*** Opening of RECORD EXTRACTS ***

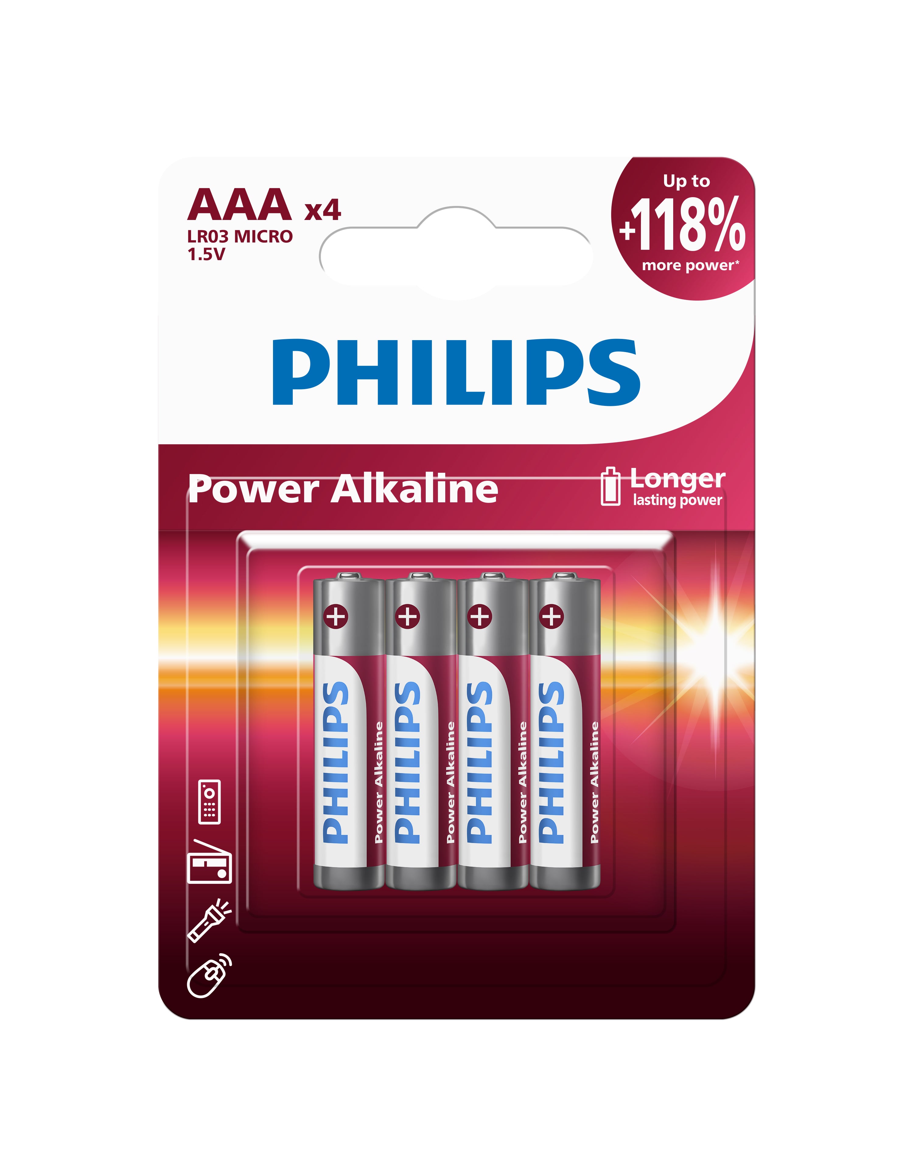 Philips 4AAA Power Alkaline Battery Bundle 5 Packs (LR03P4B/40)
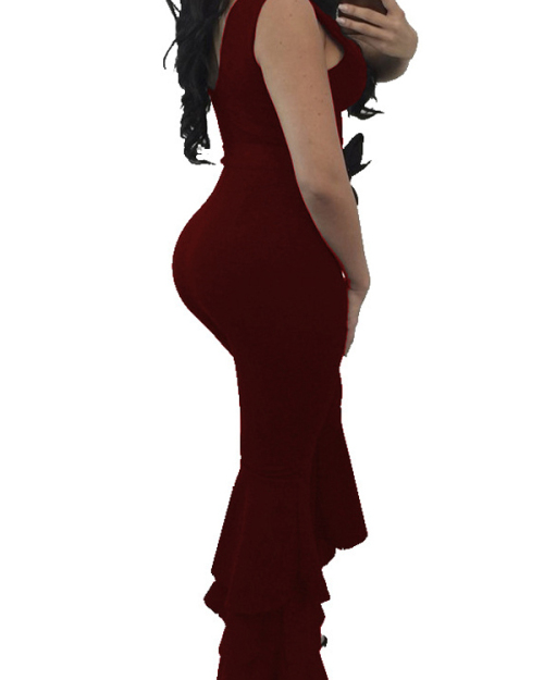Euramerican V Neck Zipper Design Wine Red Polyester One-piece Jumpsuits
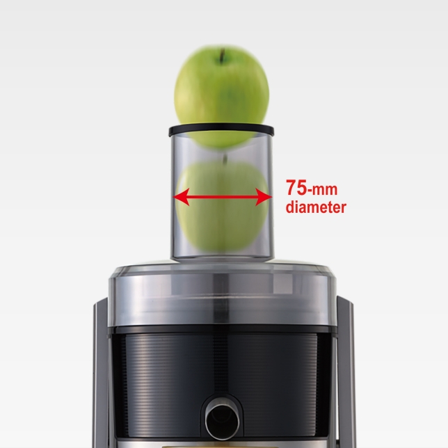یکی از ویژگیهای مهمی که برای انتخاب دستگاه آبمیوهگیری باید به آن توجه کنید، اندازهی قطر دهانهی ورودی دستگاه است. آبمیوهگیری MJ-DJ31 با قطر دهانهی 7.5سانتیمتری بهراحتی میتواند یک میوه کامل مانند سیب را از خود عبور دهد و برای گرفتن آبمیوهها نیازی به خردکردن آنها به قطعات کوچکتر نیست.
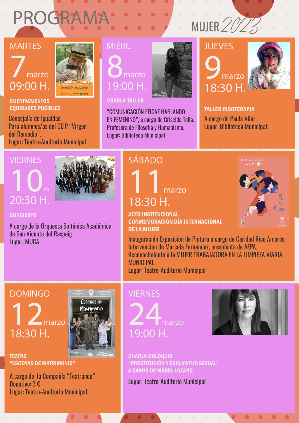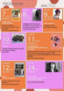 Os presentamos las actividades programadas con motivo de la celebración del #DíaInternacionaldeLaMujer, que se conmemora el 8 de marzo y que incluye charlas, talleres, teatro, cuentacuentos, concierto, etc.
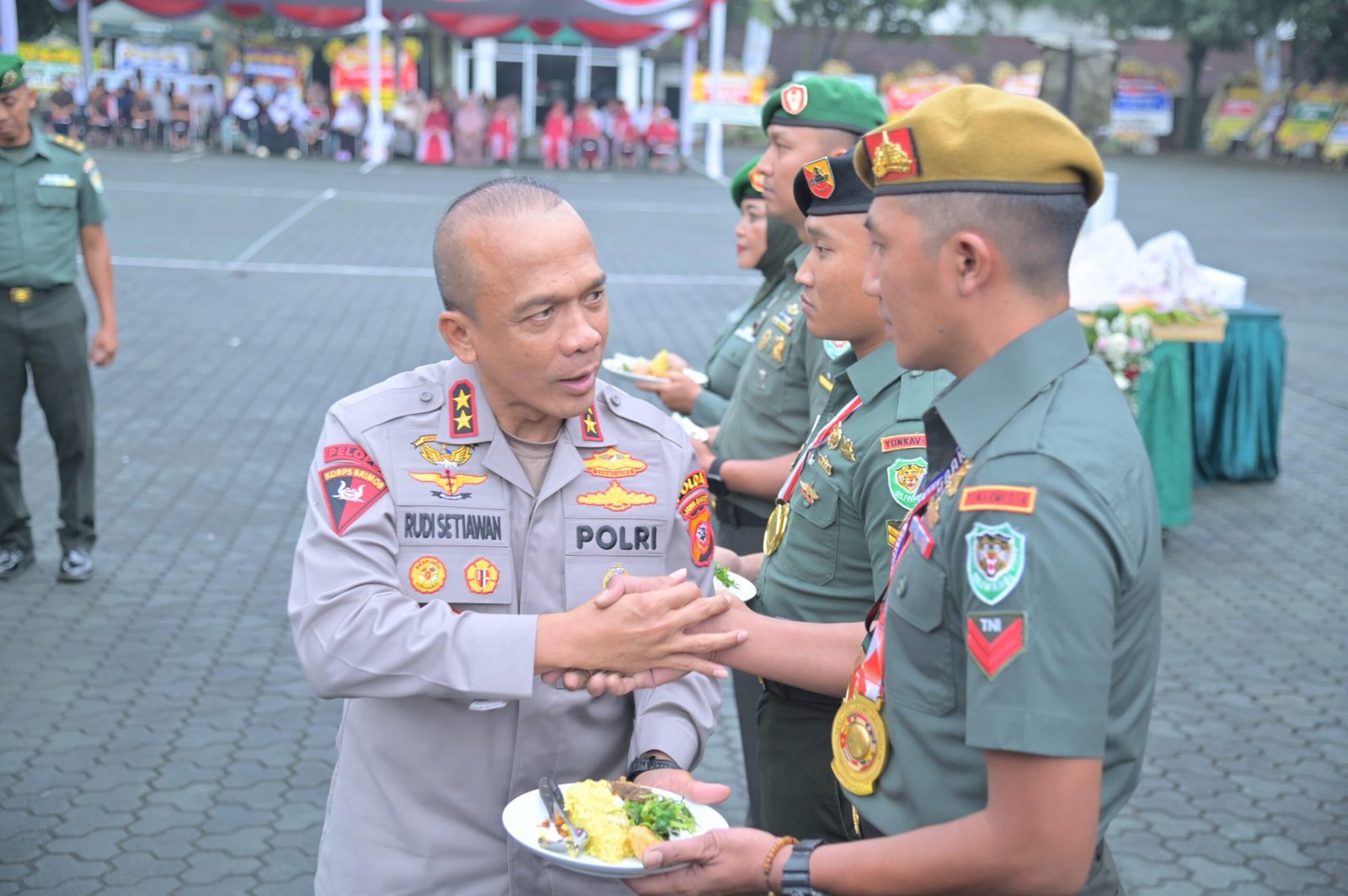 Sebagai bentuk sinergitas dan soliditas TNI-Polri yang selama ini terjalin erat, Kapolda Jawa Barat Irjen Pol. Rudi Setiawan turut hadir langsung dalam acara tersebut. Dalam momen penuh simbolis, Kapolda Jabar menyerahkan potongan tumpeng kepada personel Kodam III/Siliwangi sebagai wujud penghormatan dan apresiasi atas dedikasi yang telah ditunjukkan selama ini.

*** Close of RECORD EXTRACTS ***

# WHAT YOU ARE ASKED TO DO
In your output, repeat the listing above exactly and include none of the pictures.

# TASK OUTPUT
 Philips 4AAA Power Alkaline Battery Bundle 5 Packs (LR03P4B/40)
Euramerican V Neck Zipper Design Wine Red Polyester One-piece Jumpsuits
یکی از ویژگیهای مهمی که برای انتخاب دستگاه آبمیوهگیری باید به آن توجه کنید، اندازهی قطر دهانهی ورودی دستگاه است. آبمیوهگیری MJ-DJ31 با قطر دهانهی 7.5سانتیمتری بهراحتی میتواند یک میوه کامل مانند سیب را از خود عبور دهد و برای گرفتن آبمیوهها نیازی به خردکردن آنها به قطعات کوچکتر نیست.
 Os presentamos las actividades programadas con motivo de la celebración del #DíaInternacionaldeLaMujer, que se conmemora el 8 de marzo y que incluye charlas, talleres, teatro, cuentacuentos, concierto, etc.
 Sebagai bentuk sinergitas dan soliditas TNI-Polri yang selama ini terjalin erat, Kapolda Jawa Barat Irjen Pol. Rudi Setiawan turut hadir langsung dalam acara tersebut. Dalam momen penuh simbolis, Kapolda Jabar menyerahkan potongan tumpeng kepada personel Kodam III/Siliwangi sebagai wujud penghormatan dan apresiasi atas dedikasi yang telah ditunjukkan selama ini.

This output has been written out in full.